# PROMPT
Give again, exactly and only, the lines running from the one with "Розетки Розетка электрическая" to the end of the material below; leave out pictures.

# PROVIDED MATERIAL
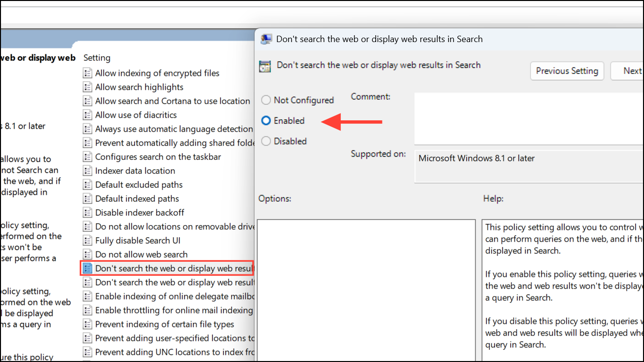 Step 4: Double-click Don't search the web or display web results in Search and set it to Enabled. This further restricts AI-powered web results.
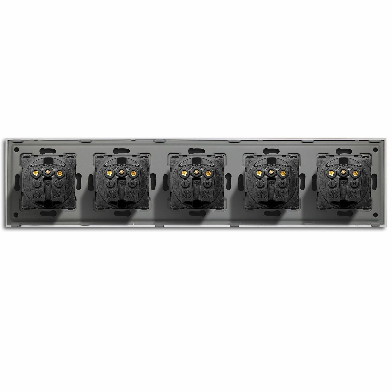 Розетки Розетка электрическая 5 постов 16А, рамка 370х86мм стекло, цвет серый
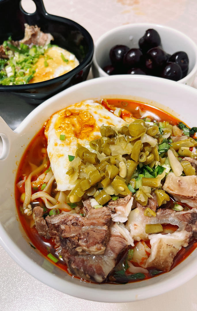 早餐:酸菜牛肉面,清汤牛肉面

# WRITTEN RESPONSE
 Розетки Розетка электрическая 5 постов 16А, рамка 370х86мм стекло, цвет серый
 早餐:酸菜牛肉面,清汤牛肉面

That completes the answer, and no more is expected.